=== Instructions to follow ===
Lines from the one with "18*13mm Natural Crystal" up to and including the one with "8月21日,黄漫 党委副书记" are to be copied exactly from the records below, without their pictures.
===== Records to process =====
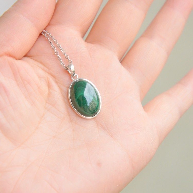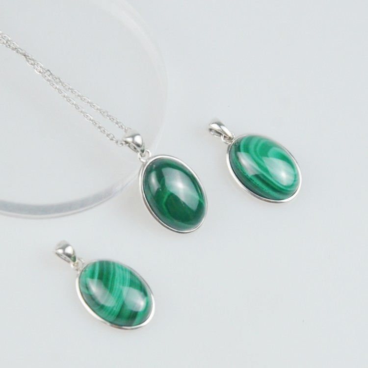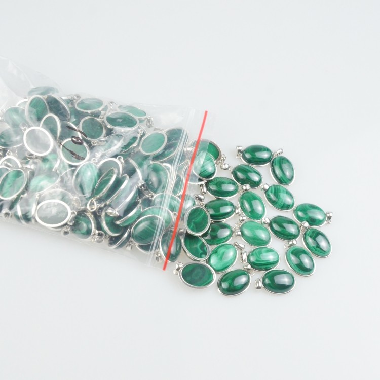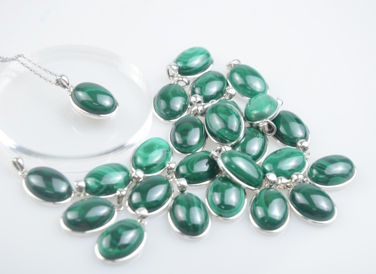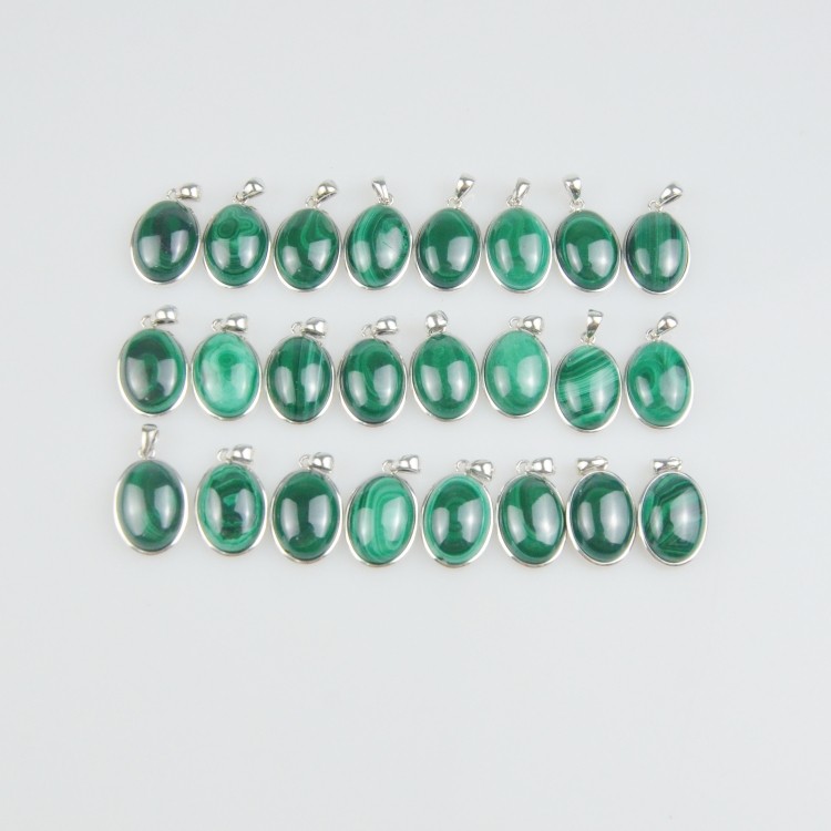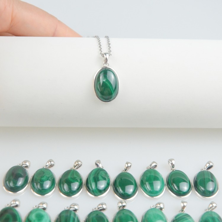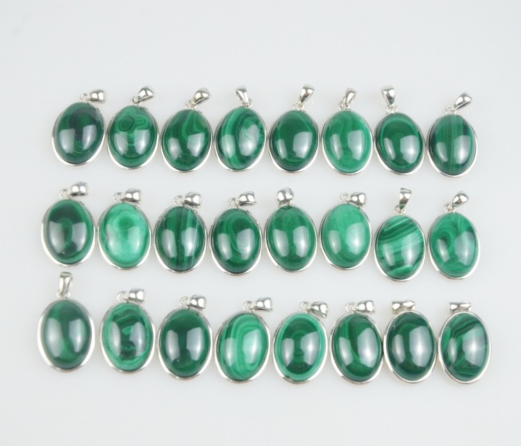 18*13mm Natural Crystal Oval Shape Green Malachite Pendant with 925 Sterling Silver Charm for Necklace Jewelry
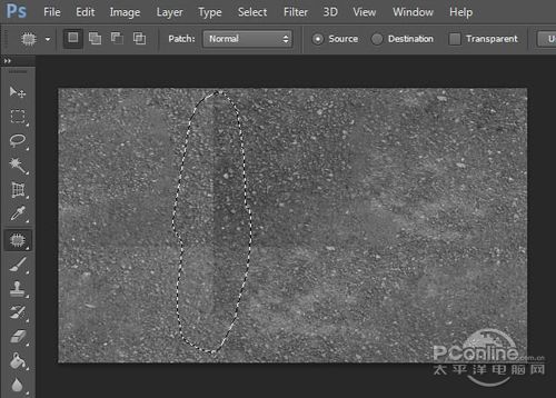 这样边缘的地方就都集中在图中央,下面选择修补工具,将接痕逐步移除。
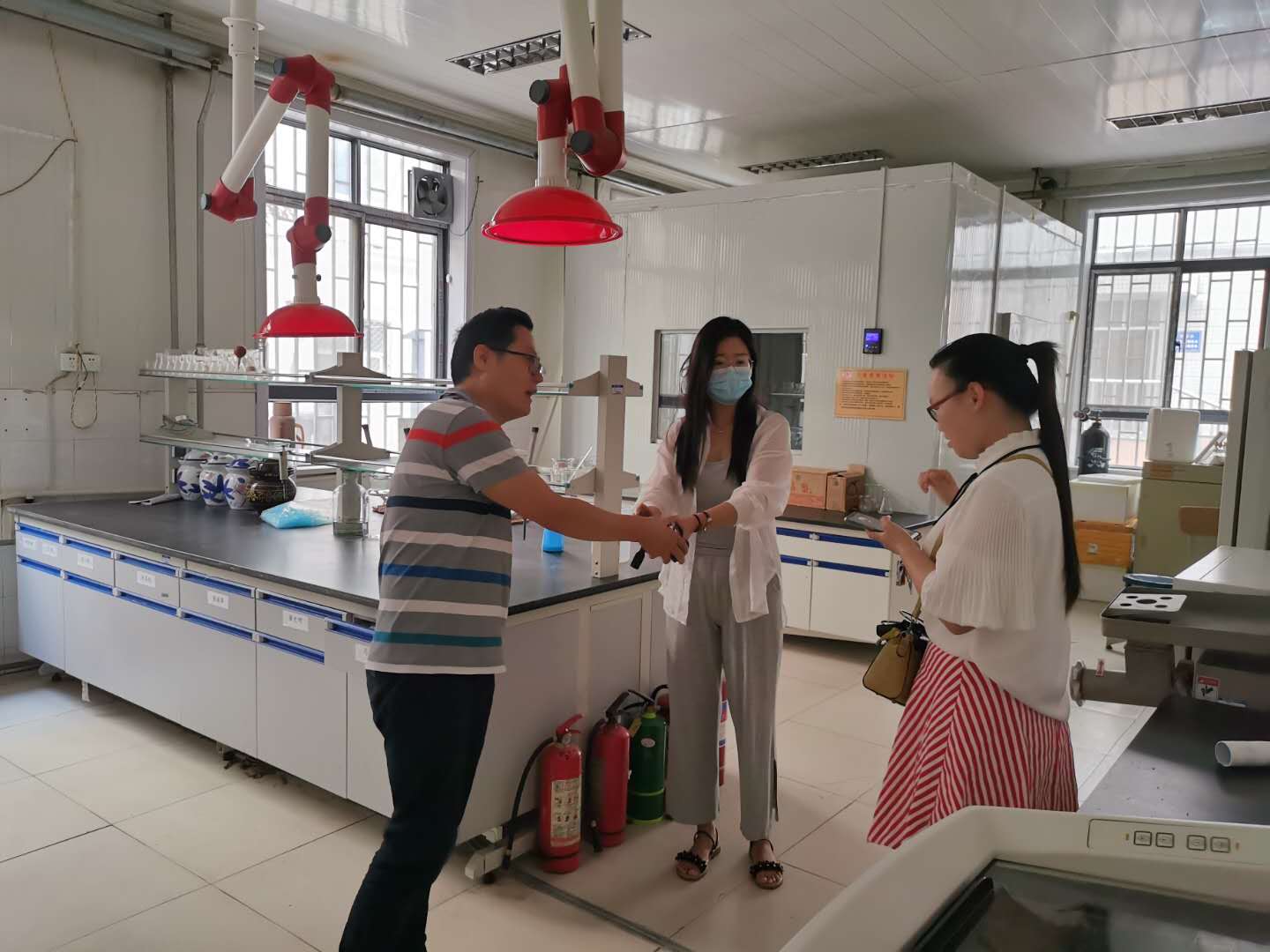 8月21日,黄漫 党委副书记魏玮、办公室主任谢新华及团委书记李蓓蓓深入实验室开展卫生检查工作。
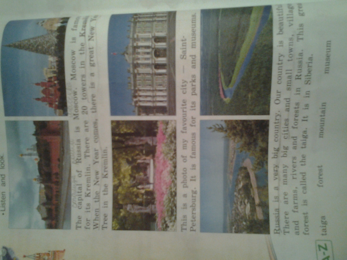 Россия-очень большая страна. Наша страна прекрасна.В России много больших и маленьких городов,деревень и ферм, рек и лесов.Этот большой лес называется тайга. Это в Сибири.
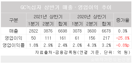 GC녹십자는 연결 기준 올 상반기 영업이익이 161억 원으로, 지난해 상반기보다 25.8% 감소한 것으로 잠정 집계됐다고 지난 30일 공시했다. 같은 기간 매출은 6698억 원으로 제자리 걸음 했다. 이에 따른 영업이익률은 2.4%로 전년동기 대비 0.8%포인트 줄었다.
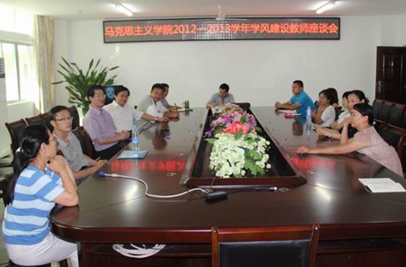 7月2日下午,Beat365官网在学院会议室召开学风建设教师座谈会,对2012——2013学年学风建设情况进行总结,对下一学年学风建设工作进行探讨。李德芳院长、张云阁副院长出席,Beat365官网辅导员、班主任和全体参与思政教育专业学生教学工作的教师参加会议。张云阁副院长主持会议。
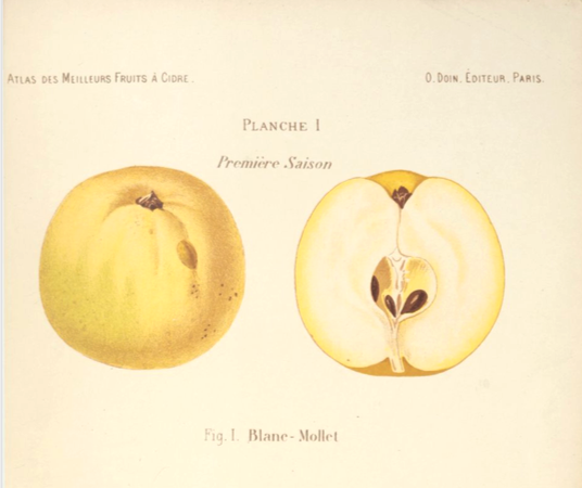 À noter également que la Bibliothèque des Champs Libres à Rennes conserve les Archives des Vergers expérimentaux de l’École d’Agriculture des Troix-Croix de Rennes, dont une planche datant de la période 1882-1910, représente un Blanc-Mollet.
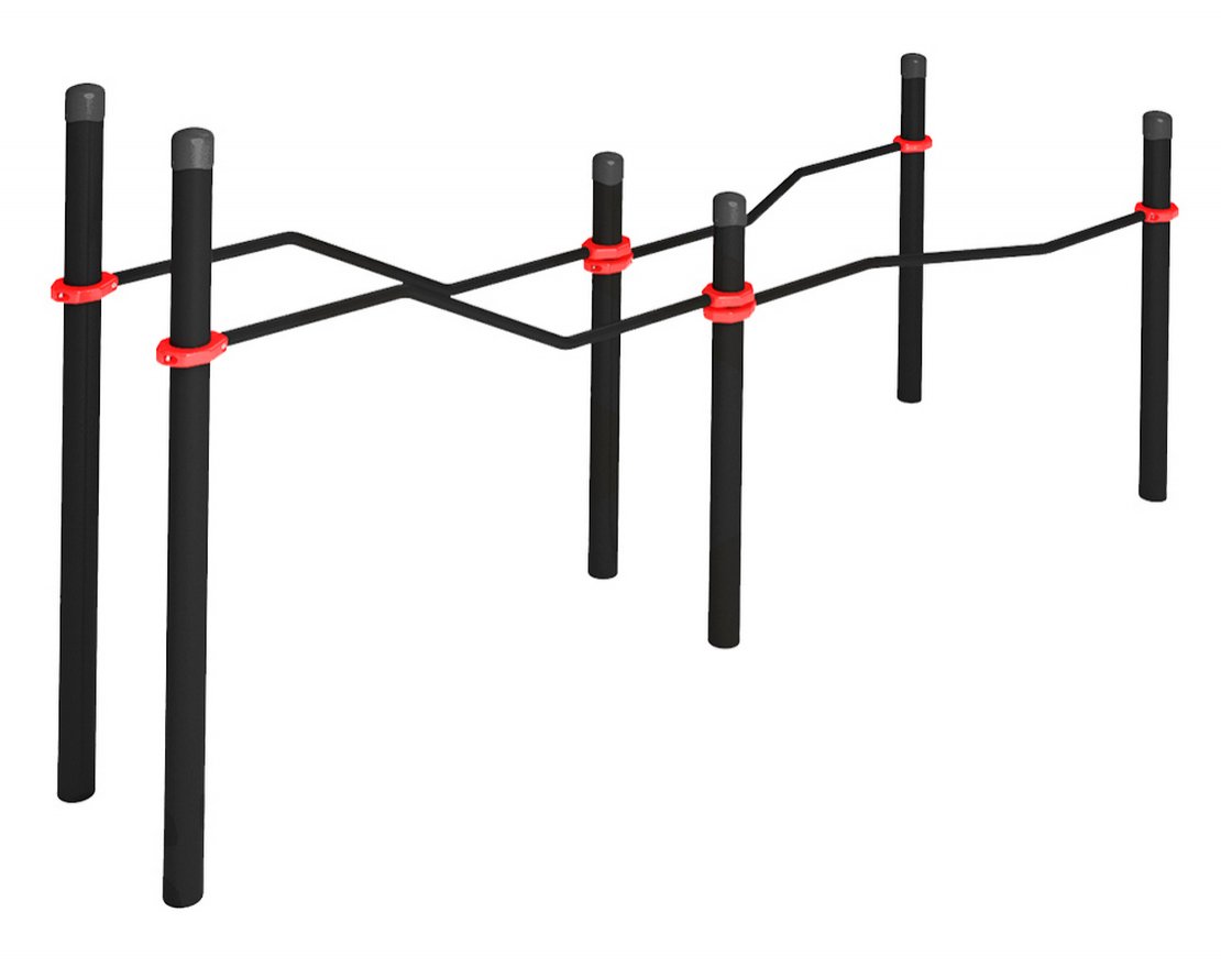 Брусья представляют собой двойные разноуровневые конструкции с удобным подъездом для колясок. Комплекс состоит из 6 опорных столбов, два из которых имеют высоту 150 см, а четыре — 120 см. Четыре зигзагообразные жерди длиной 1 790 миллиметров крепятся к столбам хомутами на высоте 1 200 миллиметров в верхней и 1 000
=====
===== Records to process =====
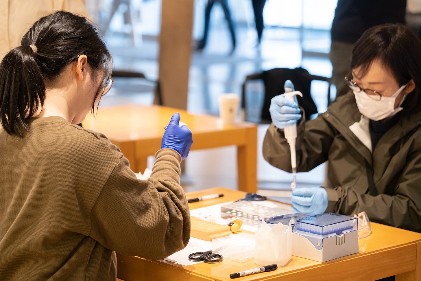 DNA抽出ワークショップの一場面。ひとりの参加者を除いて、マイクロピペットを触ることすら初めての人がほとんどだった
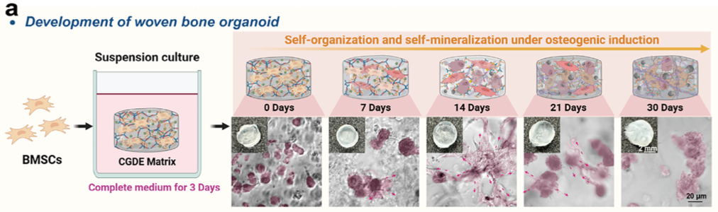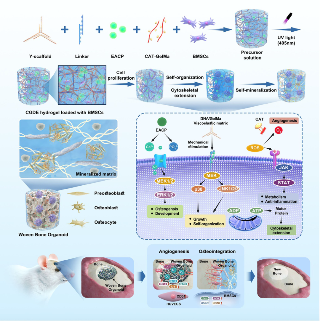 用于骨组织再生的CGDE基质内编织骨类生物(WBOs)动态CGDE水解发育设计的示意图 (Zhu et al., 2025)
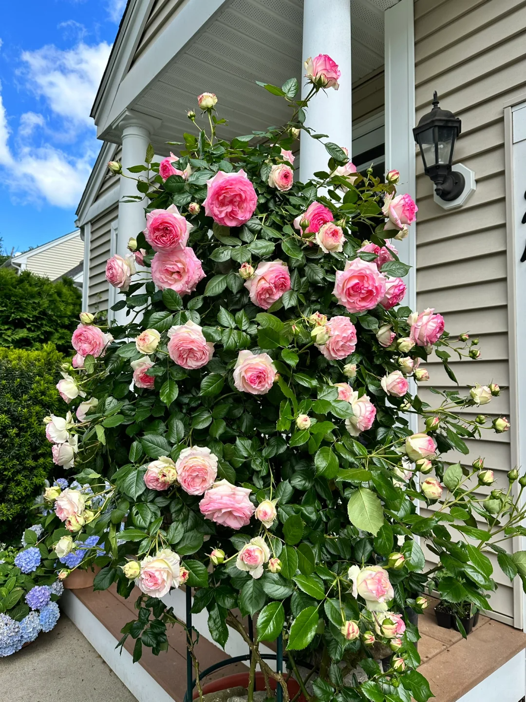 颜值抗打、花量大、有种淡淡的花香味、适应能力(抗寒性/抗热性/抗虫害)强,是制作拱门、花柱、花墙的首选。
=====
=== Result for this exercise ===
 18*13mm Natural Crystal Oval Shape Green Malachite Pendant with 925 Sterling Silver Charm for Necklace Jewelry
 这样边缘的地方就都集中在图中央,下面选择修补工具,将接痕逐步移除。
 8月21日,黄漫 党委副书记魏玮、办公室主任谢新华及团委书记李蓓蓓深入实验室开展卫生检查工作。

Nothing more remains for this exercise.